BEGIN INFORMATION PROVIDED

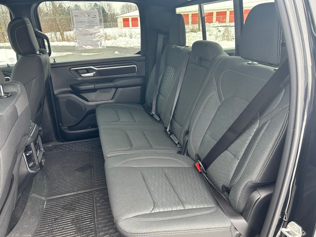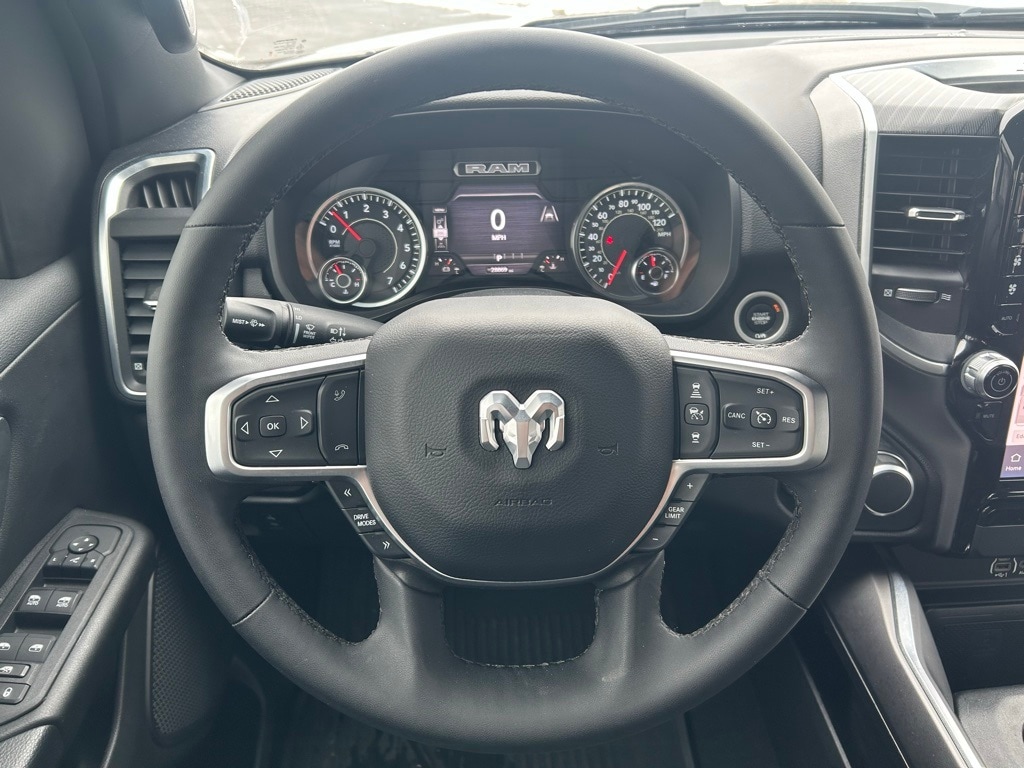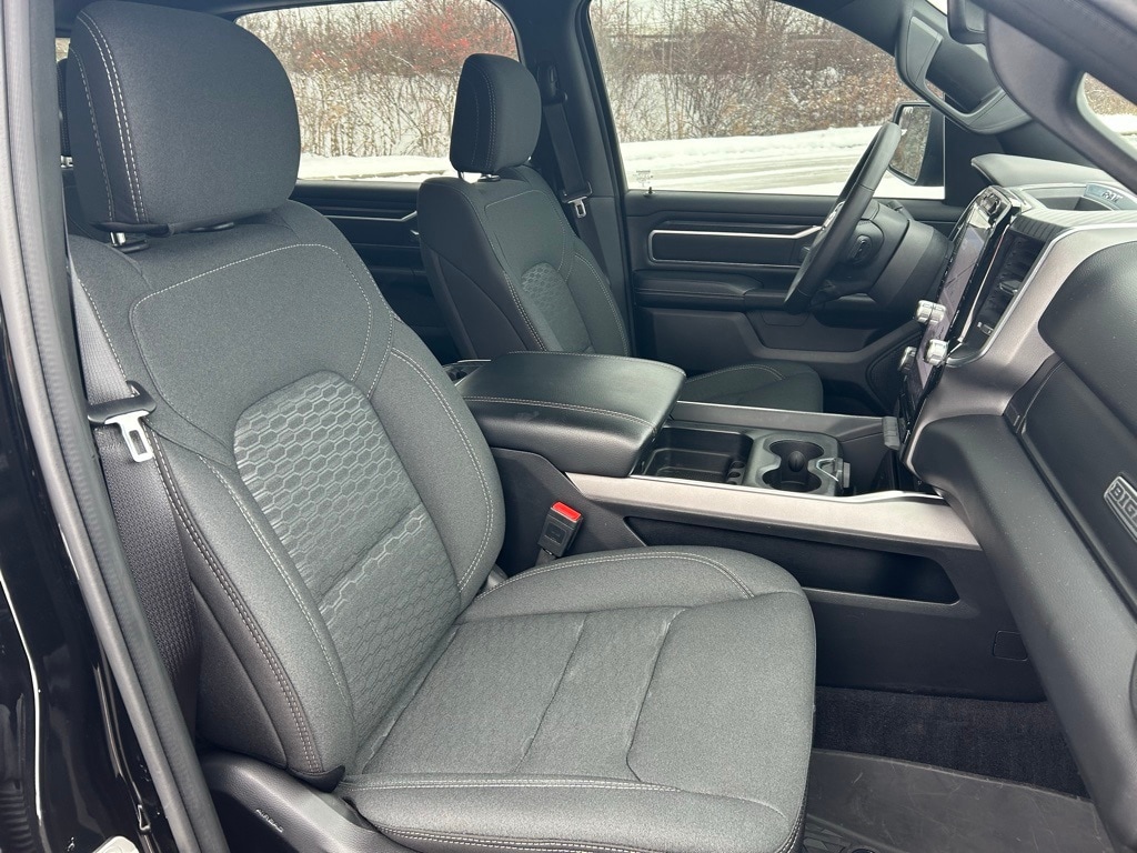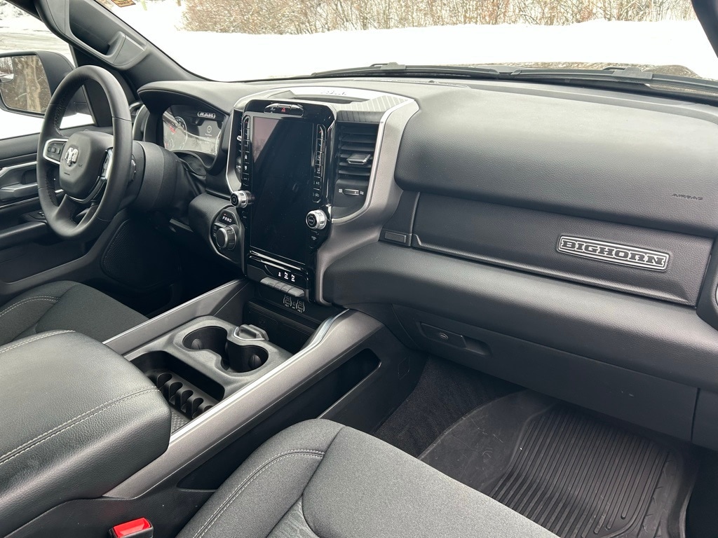 Night Edition, Big Horn Level 2 Equipment Group, 115V Auxiliary Power Outlet, 115V Auxiliary Rear Power Outlet, 12" Touchscreen Display, 2nd Row In Floor Storage Bins, 3 Rear Seat Head Restraints, 4 Way Front Headrests, 400W Inverter, 4G LTE Wi-Fi Hot Spot, 9 Amplified Speakers w/Subwoofer, Accent Color Door Handles, Accent Color Premium Power Mirrors, Accent Color Tailgate Handle, Air Conditioning ATC w/Dual Zone Control, Anti-Spin Differential Rear Axle, Apple CarPlay, Auto Power-Folding Mirrors, Auto-Dimming Exterior Driver Mirror, Auto-Dimming Rear-View Mirror, Big Horn Badge, Big Horn Level 2 Equipment Group, Black Exterior Mirrors, Black Exterior Truck Badging, Black Headlamp Bezels, Black Interior Accents, Black Painted Exterior Mirrors Caps, Black Premium Power Mirrors, Black Tail Lamp Bezels, Body Color Front Bumper, Body Color Rear Bumper w/Step Pads, Bucket Seats, Cluster 7.0" TFT Color Display, Configurable Drive Mode, Connected Travel & Traffic Services, Connectivity - US/Canada, Convex Wide-Angle Exterior Mirror Insert, Deluxe Cloth Bucket Seats, Exterior Mirrors Courtesy Lamps, Exterior Mirrors w/Heating Element, Exterior Mirrors w/Supplemental Signals, Front Seat Back Map Pockets, Full Length Floor Console, Glove Box Lamp, Google Android Auto, GPS Antenna Input, GPS Navigation, Grille Black Surround Black Mesh, HD Radio, Heated Front Seats, Heated Steering Wheel, Integrated Voice Command w/Bluetooth, Leather Wrapped Steering Wheel, LED Dome Lamp w/On/Off Switch, LED Footwell Lighting, Manual Adjust 4-Way Front Passenger Seat, Media Hub w/2 Charge Only USBs, Night Edition, Overhead LED Lamps, ParkView Rear Back-Up Camera, Power 2-Way Driver Lumbar Adjust, Power Adjust 8-Way Driver Seat, Power Adjustable Pedals, Premium Overhead Console, Quick Order Package 23Z Big Horn, Radio: Uconnect 5 Nav w/12.0" Display, RAM Grille Badge - Black, Rear 60/40 Folding Seat, Rear Center Armrest, Rear Power Sliding Window, Rear Window Defroster, Remote Tailgate Release, Security Alarm, SiriusXM w/360L, Steering Wheel Mounted Audio Controls, Sun Visors w/Illuminated Vanity Mirrors, Universal Garage Door Opener, USB Host Flip, Wheels: 20" x 9.0" Aluminum Painted Clad.
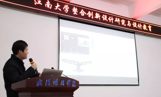 胡教授结合江南大学工业整合设计教学改革的实际情况,讲解了在设计教学中我们应该如何制定教学目标,应该培养什么样的设计师以及如何培养。他提出在新时代的背景下,应该培养能够定义产品或服务(能够通过趋势分析和用户研究明确用户需求,提出产品或服务要求),整合团队力量提供整体解决方案(以立项报告的形式,整体阐述解决方案的局部和整体属性,可行性和合理性),并具备良好团队合作和沟通能力(协调沟通能力,尤其是阐述抽象设计价值的能力)的职业设计师。并用一些教学案例来详细阐述如何实现培养目标。
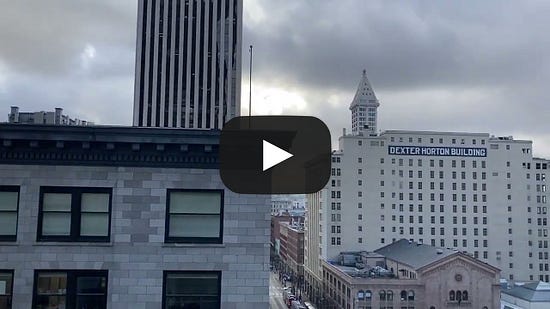 Last week I wrote about the old Chamber of Commerce Observatory. Here’s a link to a video I made from another great downtown location with a view. It is the public viewing space on the Seventh Floor Patio of the Fourth and Madison Building, one block north of the former Observatory. The elevator to reach it is in the southwest corner of the main lobby floor, sort of hidden away. Ask at the front desk if you need help.
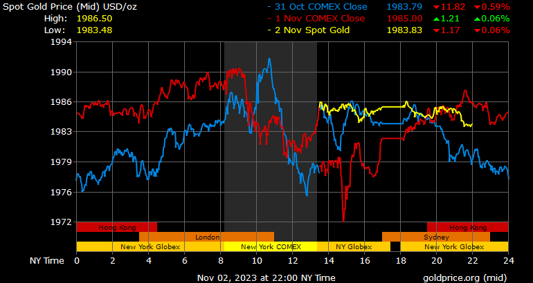 Trên thị trường vàng thế giới, giá vàng giao ngay chốt phiên hôm qua tại Mỹ tăng 2,6 USD lên 1.985,1 USD/ounce. Sang phiên châu Á sáng nay, giá vàng đảo chiều giảm nhẹ xuống 1.983,3 USD/ounce.
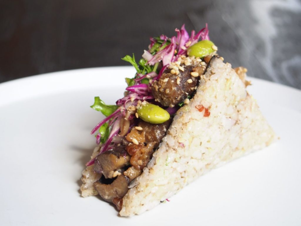 10月のこめサン®は、「柚子ごぼうサンド」。食物繊維とミネラルたっぷりで、腸の働きを整えてくれるゴボウをたっぷり用いました。醤油麹や柚子胡椒などの味がしっかりしみやすいようたたきゴボウにしています。疲労回復効果のあるレンコンや食物繊維のあるシメジも一緒に炒めました。ご飯は、Agtのオリジナルブレンド「あぁう米」。自然栽培の玄米と白米をブレンドした「玄米より炊きやすく、白米のように食べやすい」というお米に、ゴボウのペーストを混ぜて炊き上げました。10月から新米に切り替わるので、ご飯の味も楽しみにしていてください。350円。
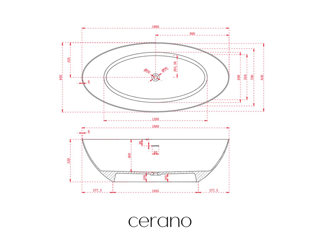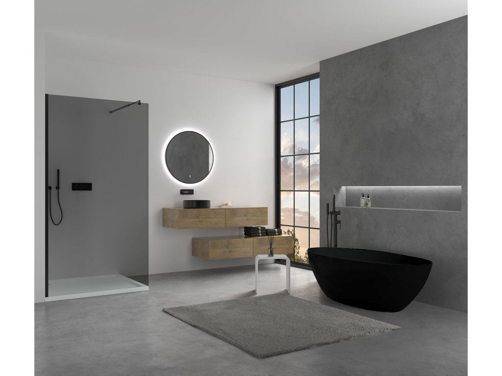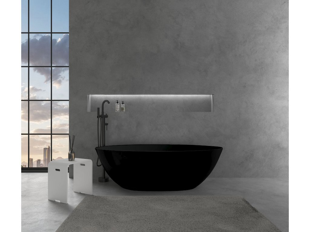 CERANO - Volně stojící vana z litého mramoru Emilia - černá matná - 180x85cm - 2. jakost
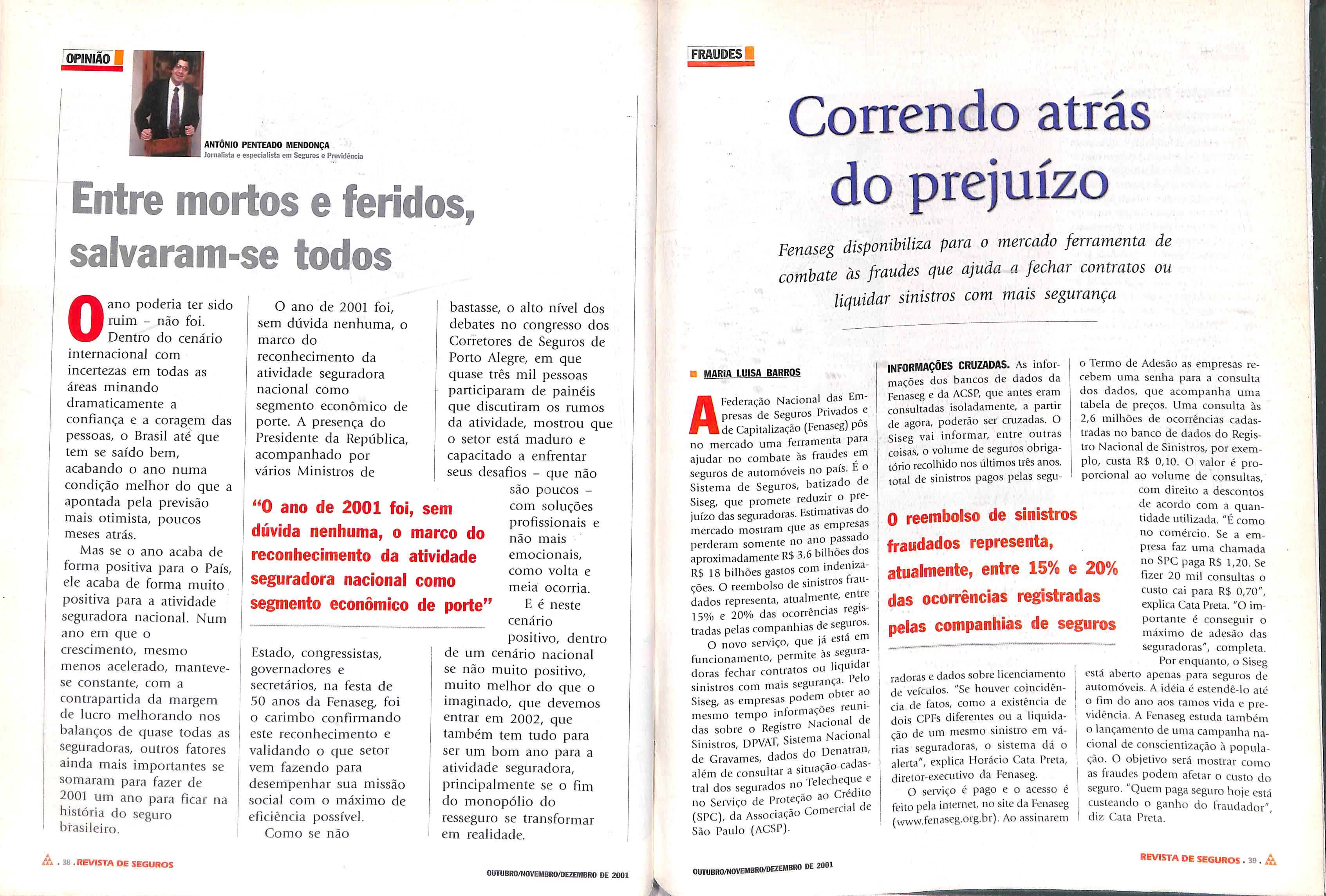 ÓRGÃO OFICIAL DA FENASEG , ANO 83 N° 839 OUT/NOV/DEZ DE 2001
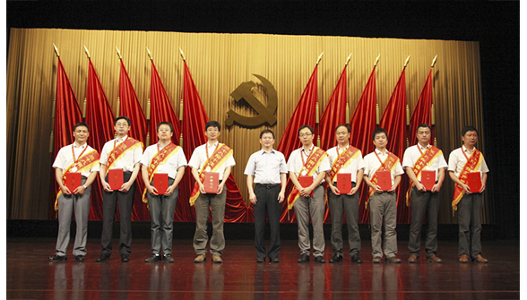 在歡快的《團結(jié)友誼進行曲》中,陳信平所長、陳學軍書記分別為獲獎的先進黨支部和“十佳共產(chǎn)黨員”頒發(fā)獎牌和證書。隨后,四名獲獎代表向大會報告了所在支部和個人在創(chuàng)先爭優(yōu)活動中的先進經(jīng)驗和做法。
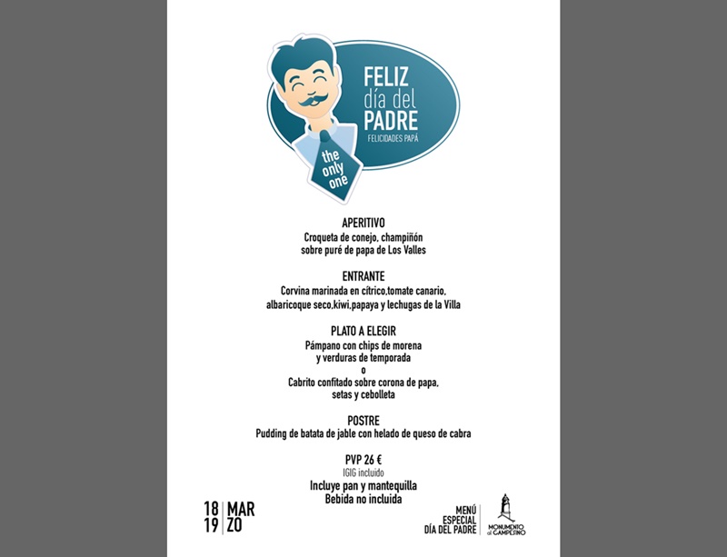 Los Centros de Arte, Cultura y Turismo de Lanzarote proponen una oferta especial para celebrar de una manera especial este fin de semana el Día del Padre. Por este motivo, se ha preparado un menú especial para degustarlo en el Monumento del Campesino los días 18 y 19 de marzo. Esta propuesta gastronómica tiene un coste de 26 euros y consta de platos tan deliciosos como croquetas de conejo, corvina marinada, pámpano con chips de morena o cabrito confitado entre otras muchas delicias. Además desde los Cacts se ha programado una serie de propuestas muy especiales para el domingo 18, como un taller para hacer pellas de gofio o el lunes 19 para hacer salsas canarias.
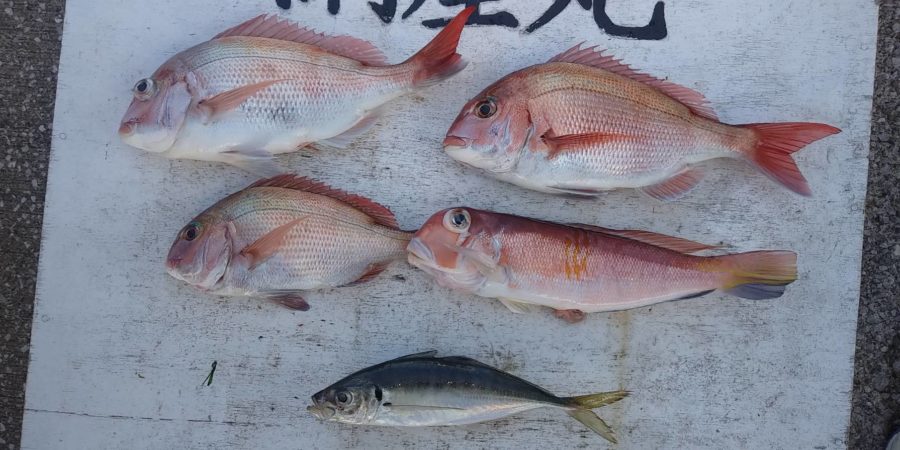 本日は前半は連続HITも有りましたが、後半はアジなどの外道は釣れましたが、真鯛は型が出た程度でした。

END INFORMATION PROVIDED

**WHAT TO PRODUCE**
Make an exact copy of the lines above, beginning with the line with "ÓRGÃO OFICIAL DA" and ending with the line with "在歡快的《團結(jié)友誼", and keep the pictures out of it.

**TASK OUTPUT**
 ÓRGÃO OFICIAL DA FENASEG , ANO 83 N° 839 OUT/NOV/DEZ DE 2001
 在歡快的《團結(jié)友誼進行曲》中,陳信平所長、陳學軍書記分別為獲獎的先進黨支部和“十佳共產(chǎn)黨員”頒發(fā)獎牌和證書。隨后,四名獲獎代表向大會報告了所在支部和個人在創(chuàng)先爭優(yōu)活動中的先進經(jīng)驗和做法。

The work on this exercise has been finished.